◆ **Given material**:
------------------------------------------------------------------------

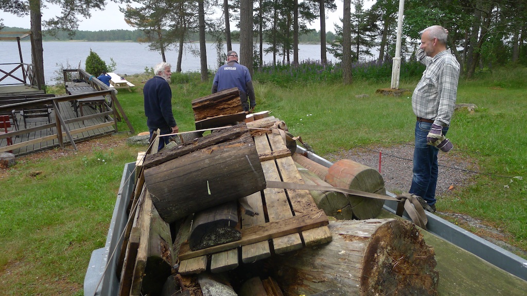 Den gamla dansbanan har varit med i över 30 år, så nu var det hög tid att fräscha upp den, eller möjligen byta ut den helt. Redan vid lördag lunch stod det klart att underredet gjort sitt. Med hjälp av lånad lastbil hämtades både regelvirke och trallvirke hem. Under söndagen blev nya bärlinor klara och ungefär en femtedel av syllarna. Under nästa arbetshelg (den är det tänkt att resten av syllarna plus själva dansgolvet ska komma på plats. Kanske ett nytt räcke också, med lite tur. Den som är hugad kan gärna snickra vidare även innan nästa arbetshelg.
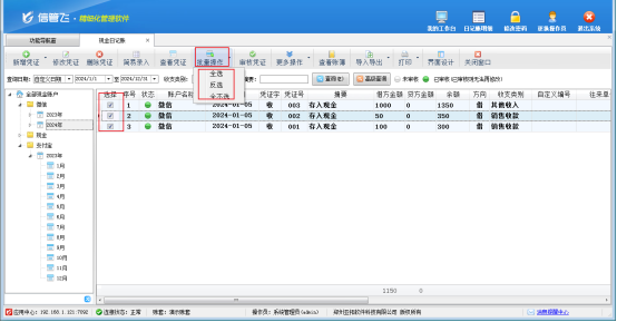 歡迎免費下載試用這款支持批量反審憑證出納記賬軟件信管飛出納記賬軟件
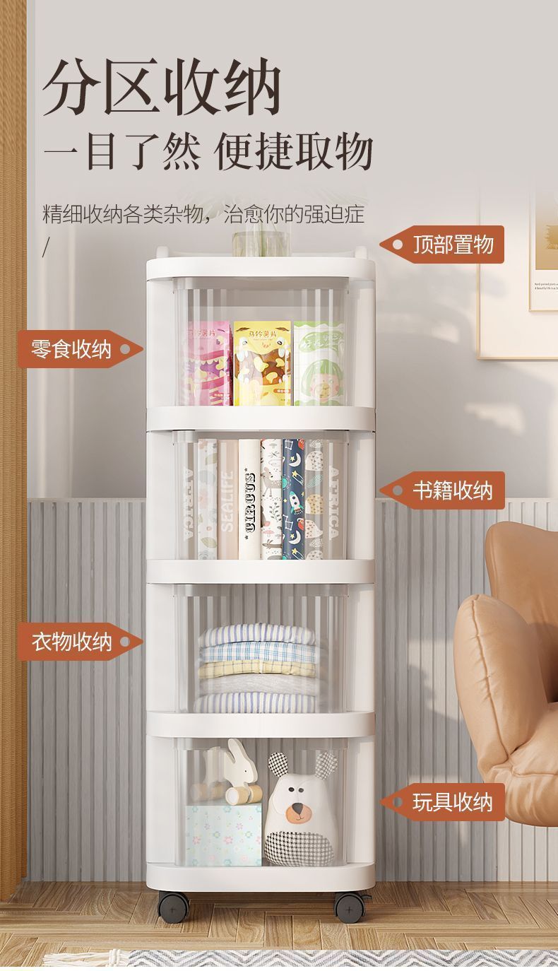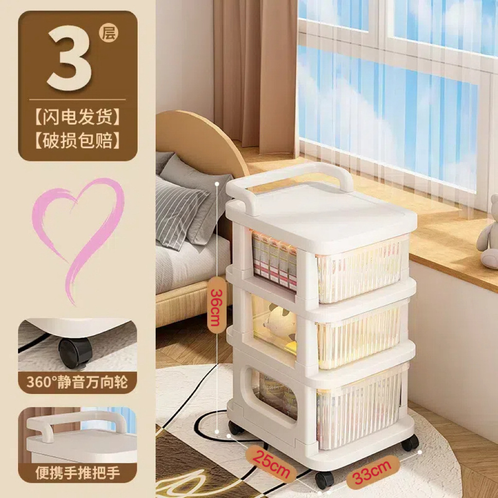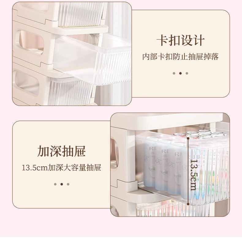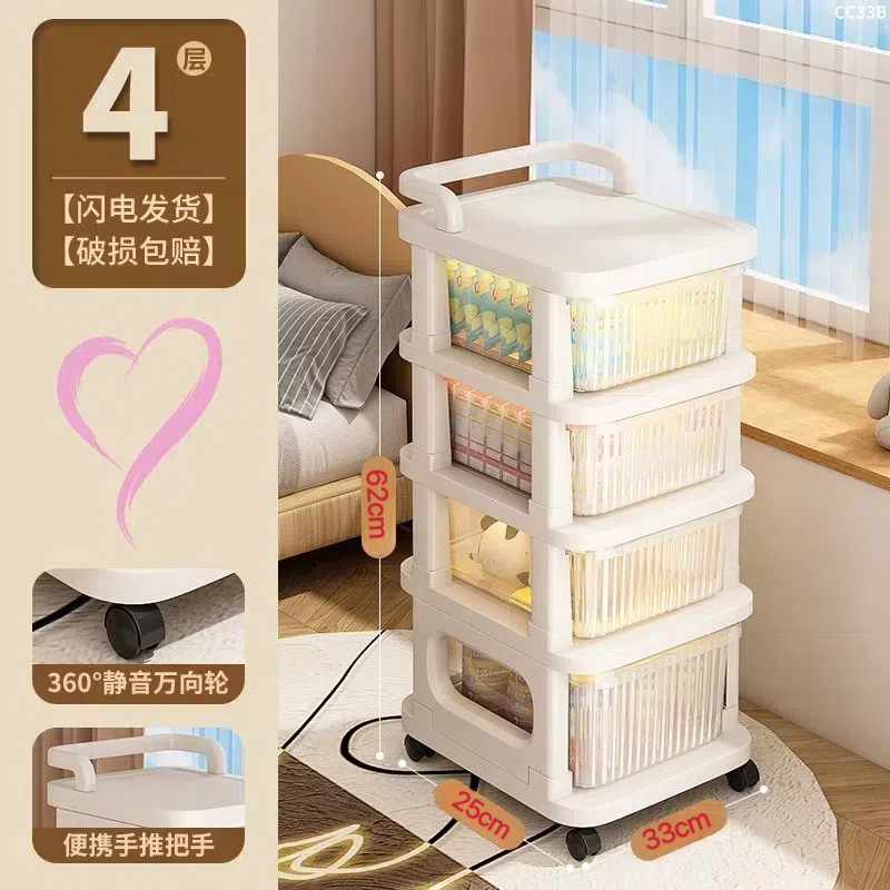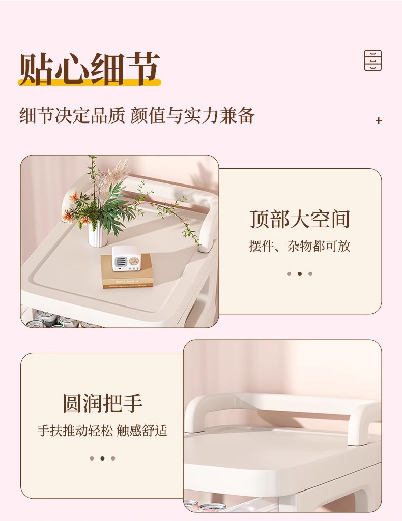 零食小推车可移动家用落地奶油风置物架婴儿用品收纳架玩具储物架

------------------------------------------------------------------------

◆ **Directions**: Copy the data word for word and omit every picture.

◆ **Task answer**:
 Den gamla dansbanan har varit med i över 30 år, så nu var det hög tid att fräscha upp den, eller möjligen byta ut den helt. Redan vid lördag lunch stod det klart att underredet gjort sitt. Med hjälp av lånad lastbil hämtades både regelvirke och trallvirke hem. Under söndagen blev nya bärlinor klara och ungefär en femtedel av syllarna. Under nästa arbetshelg (den är det tänkt att resten av syllarna plus själva dansgolvet ska komma på plats. Kanske ett nytt räcke också, med lite tur. Den som är hugad kan gärna snickra vidare även innan nästa arbetshelg.
 歡迎免費下載試用這款支持批量反審憑證出納記賬軟件信管飛出納記賬軟件
 零食小推车可移动家用落地奶油风置物架婴儿用品收纳架玩具储物架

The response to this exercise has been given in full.